Coup dur pour l'Egypte : les recettes du canal de Suez s'effondrent à cause des tensions en mer Rouge

Par latribune.fr  |   |  614  mots
L'augmentation des recettes observée l'an dernier s'expliquait par une hausse du trafic à la faveur d'un nouveau tronçon creusé en 2014 et 2015, qui facilite désormais le croisement des convois et diminue le temps de transit des navires. (Crédits : AMR ABDALLAH DALSH)
Le président égyptien, Abdel Fattah al-Sissi, a annoncé lundi que les revenus du canal de Suez, l'une des principales rentrées en devises du pays, avaient « baissé de 40 à 50%» depuis le début de l'année en raison de la multiplication des attaques des rebelles yéménites houthis, soutenus par l'Iran.

Coup dur pour l'Egypte qui traverse sa pire crise économique. Alors que le canal de Suez avait rapporté à l'Etat environ 8,6 milliards d'euros sur l'année fiscale 2022-2023 (+35%), un nouveau record, les revenus de l'une des principales rentrées en devises du pays ont dégringolé de 40 à 50% depuis le début de l'année, a annoncé ce ce lundi le président égyptien, Abdel Fattah al-Sissi. Ces recettes en devises sont surveillées de près dans un pays où importateurs et changeurs peinent désormais à trouver des dollars.

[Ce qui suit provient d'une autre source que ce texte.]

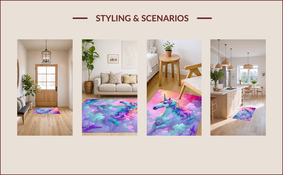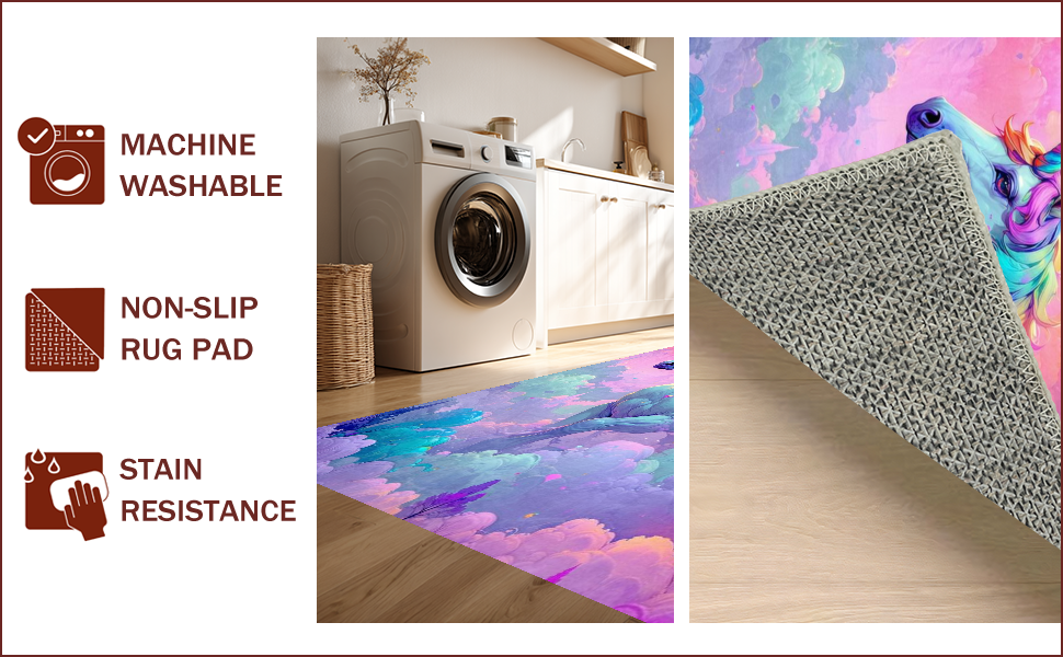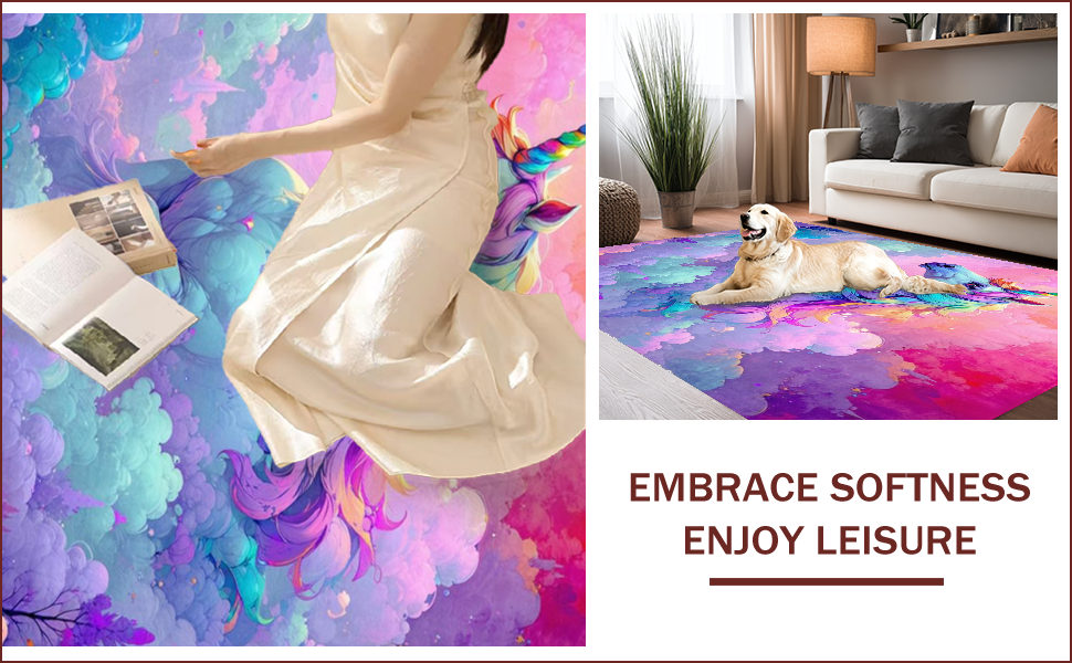 Ultra Soft Area Rug, Non Slip, Stain Resistant, Washable Area Rugs for Living Room, Bedroom, Dreamy Soft Plush Colorful Oasis(Purple) Overview:

Les rebelles Houthis multiplient les attaques

Une conséquence directe des tensions en mer Rouge et de la multiplication des attaques des rebelles Houthis du Yémen contre les navires commerciaux qu'ils estiment liés à Israël. Les Houthis font partie de l'« axe de la résistance » pro-iranien et anti-Israël. Résultat : de nombreux armateurs évitent de passer par la mer Rouge et le Canal de Suez, par où transitent habituellement 12 à 15% du trafic mondial et déroutent leurs navires vers le cap de Bonne-Espérance au large de l'Afrique du Sud, une route qui voit les volumes transportés bondir.

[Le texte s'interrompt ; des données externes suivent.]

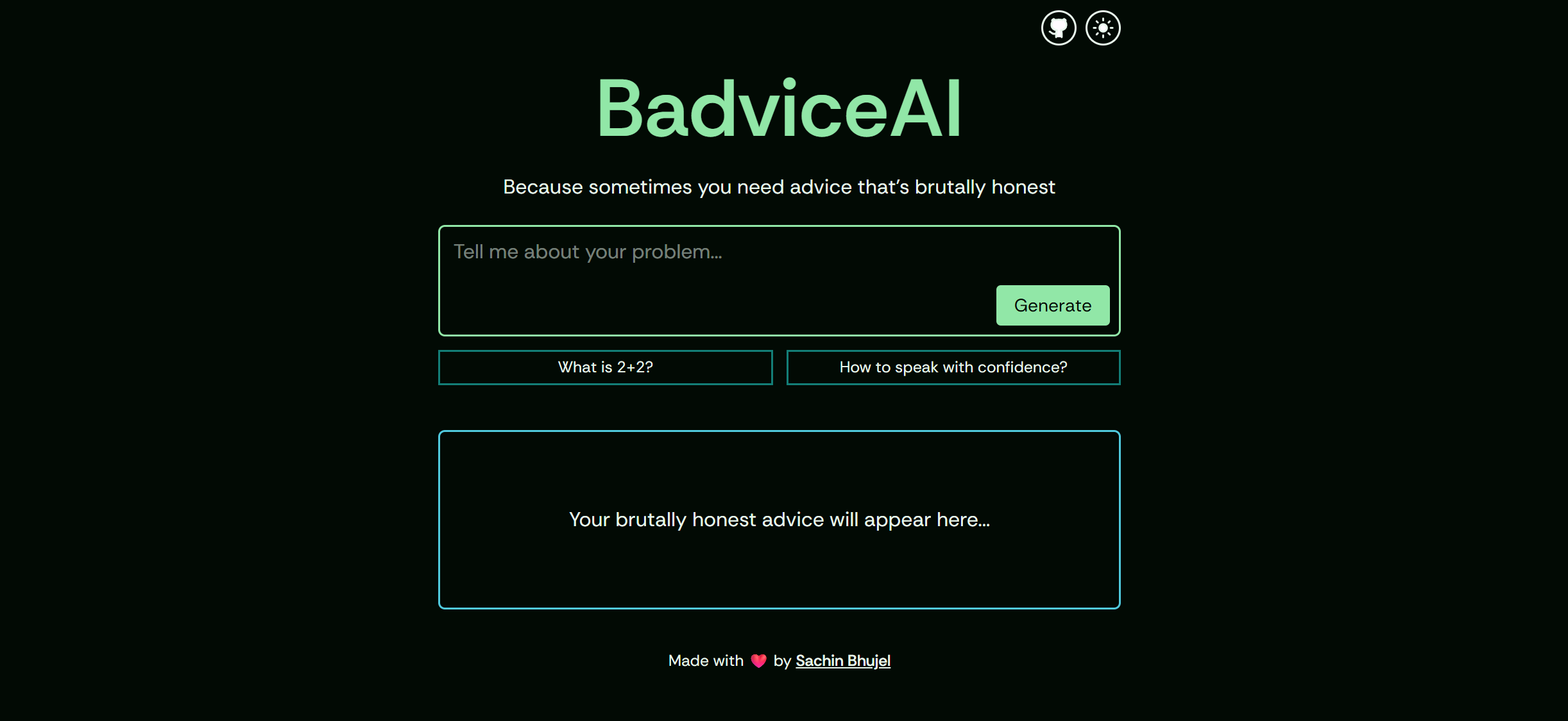 Badvice AI是一款幽默的AI应用,针对任何问题提供搞笑的坏建议,适合用来调侃朋友或做出不应遵循的决策。

Jusqu'à la fin de l'année, l'Egypte n'était pas trop impactée. En décembre, les revenus du canal de Suez ont en effet atteint 749 millions de dollars contre 737 millions de dollars en décembre 2022.

Nouveau tronçon creusé en 2024 et 2015

L'augmentation des recettes observée l'an dernier s'expliquait par une hausse du trafic à la faveur d'un nouveau tronçon creusé en 2014 et 2015, qui facilite désormais le croisement des convois et diminue le temps de transit des navires. Cet aménagement était le premier des « mégaprojets » du président égyptien, Abdel Fattah al-Sissi, qui ont englouti une bonne part des finances du pays ces dernières années. Il a en effet absorbé près de huit milliards d'euros sans toutefois permettre une hausse massive des revenus, uniquement obtenue chaque année par l'augmentation des frais de transit.

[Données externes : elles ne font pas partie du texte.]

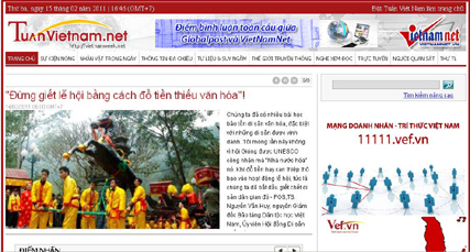 8h45 sáng nay (15/2), chuyên trang Tuần Việt Nam thuộc Báo VietNamNet bị tin tặc tấn công.
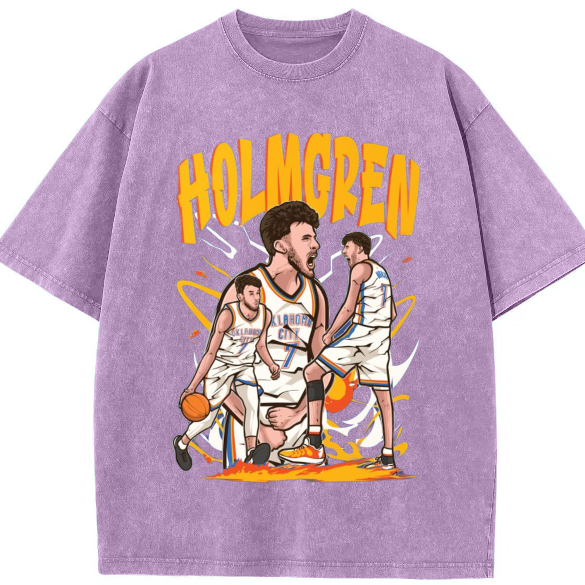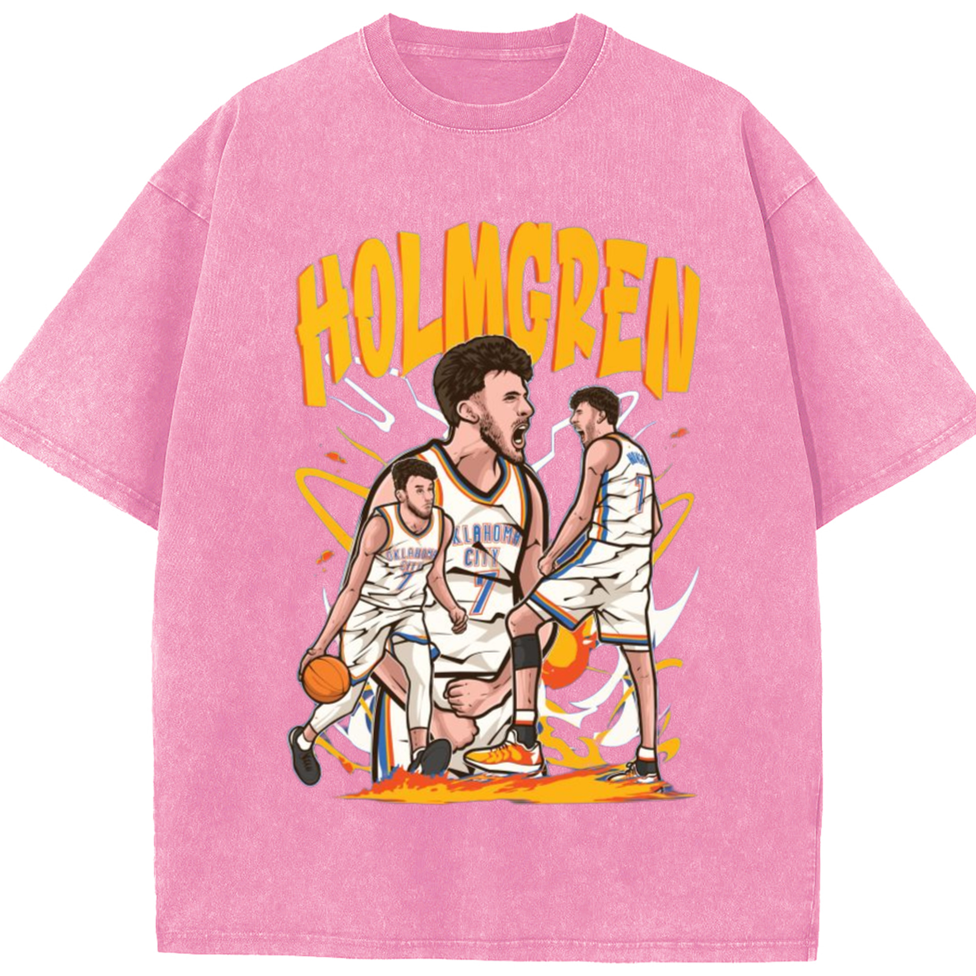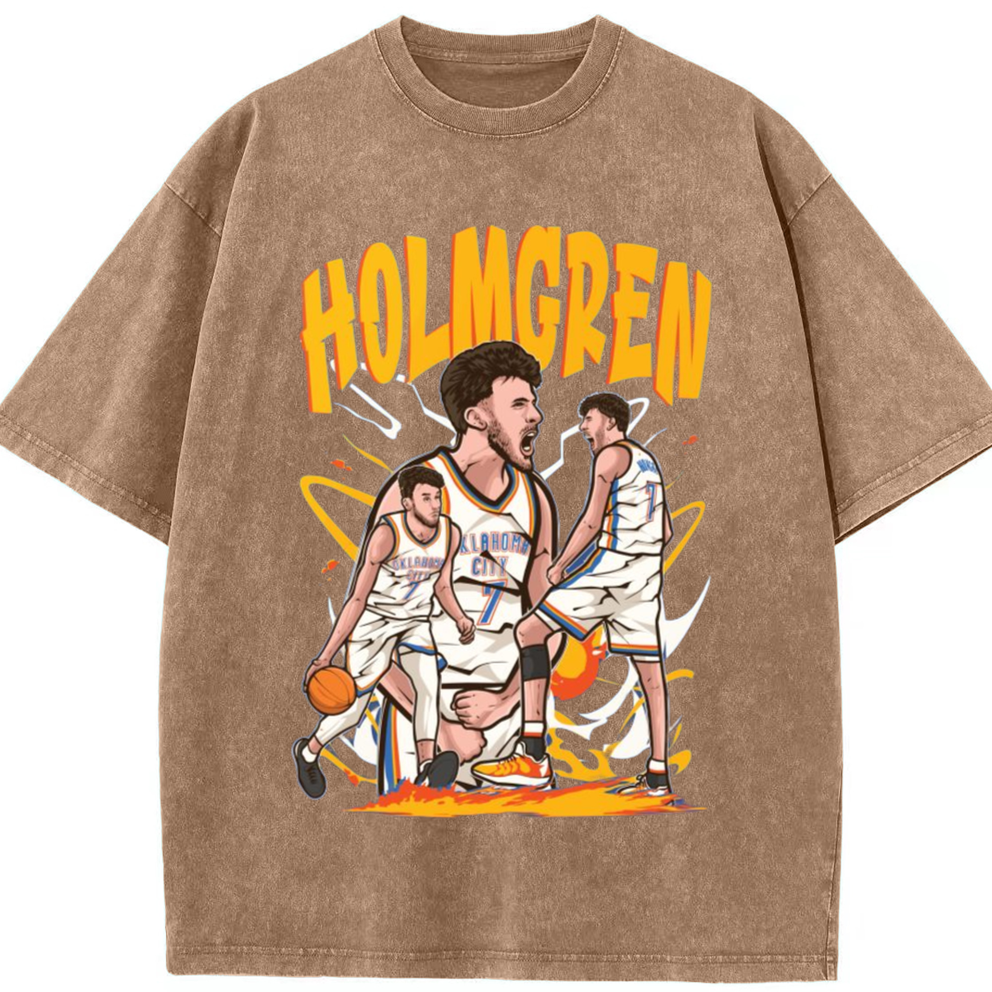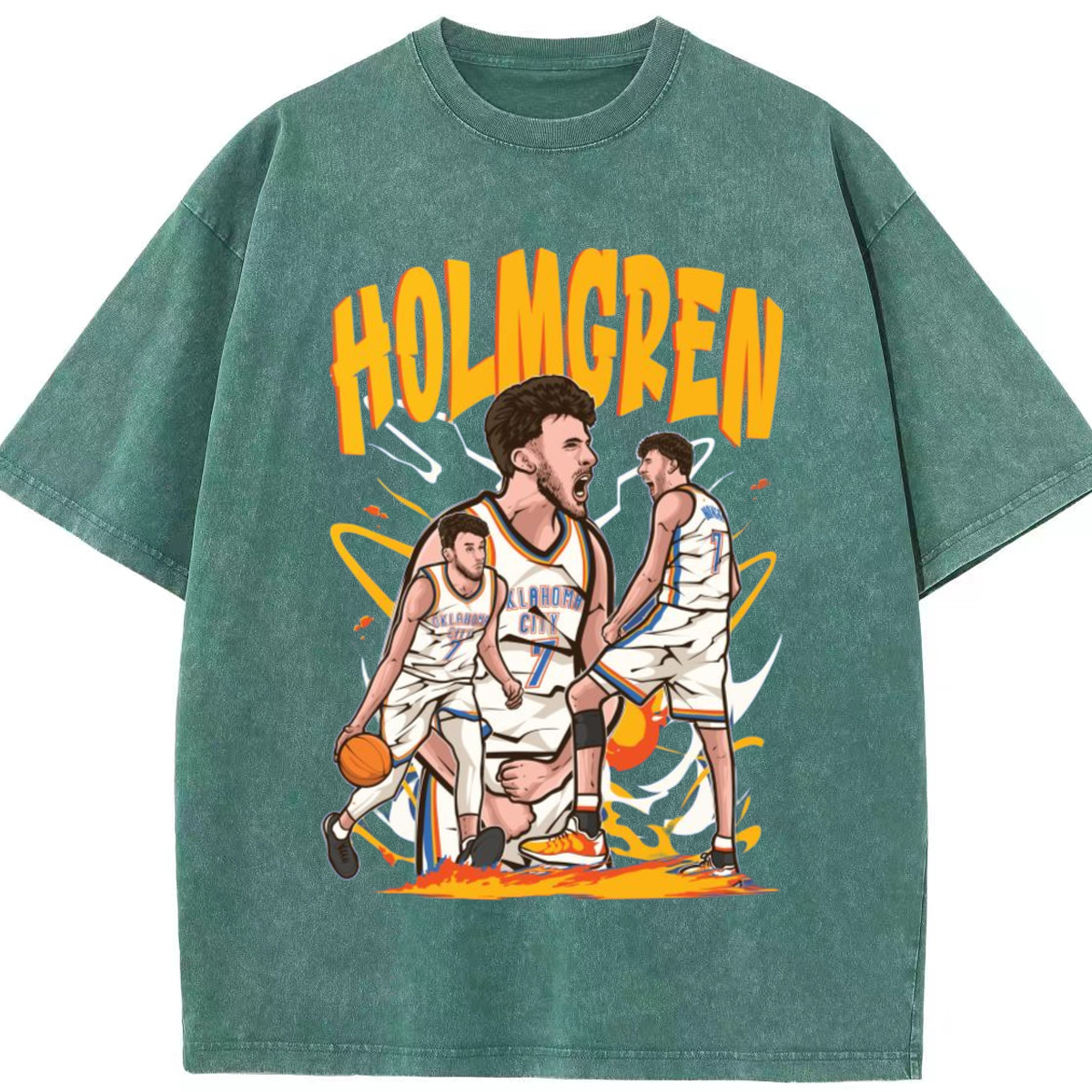 Chet Holmgren OKC Thunder Comic style T-shirt - Washed Vintage Look 230g Cotton Oversized T-Shirt With Front Heat Transfer Print – Soft, Lightweight, Stylish Fit – Comfortable Casual Wear For Sports & Everyday Use

Pour rappel, en mars 2021, l'Ever Given, un porte-conteneurs géant dont la proue s'était encastrée dans la rive est du canal, avait bloqué pendant plusieurs jours la voie de circulation entre l'Europe et l'Asie. L'opération de sauvetage avait duré six jours et les assureurs avaient estimé les pertes pour le commerce maritime mondial à plusieurs milliards de dollars par jour l'impact.

Les revenus du canal ne sont qu'une part des rentrées en devises de l'Egypte. Combinés aux revenus du tourisme, un secteur qui souffre également des tensions dans la région, ils ne représentent que la moitié de la véritable manne du pays : les envois d'argent en Egypte des travailleurs égyptiens situés à l'étranger. Pour autant, ils n'en sont pas moins cruciaux pour un pays qui voit le service de la dette exploser : plus de 60% des revenus de l'Etat en 2023 et 70% en 2024, selon la Banque européenne pour la reconstruction et le développement (Berd).

Interrogé il y a un mois par l'AFP, Paul Tourret, directeur de l'Observatoire des industries maritimes ISEMAR indiquait que « les recettes du canal servent aussi à maintenir le couvercle de la cocotte-minute sociale » en Egypte, où deux tiers de la population est pauvre ou en passe de l'être.

« Elles alimentent directement l'Etat qui les réinvestit dans l'armée et le pain social. C'est un vrai manque à gagner, un mois est acceptable, mais deux mois, ce sera inquiétant », disait-il.

Face aux attaques des Houthis, les Etats-Unis ont mis en place en décembre une force multinationale de protection maritime en mer Rouge, baptisée « Prosperity Guardian », tandis que l'Union européenne a annoncé lundi le lancement officiel d'une mission similaire.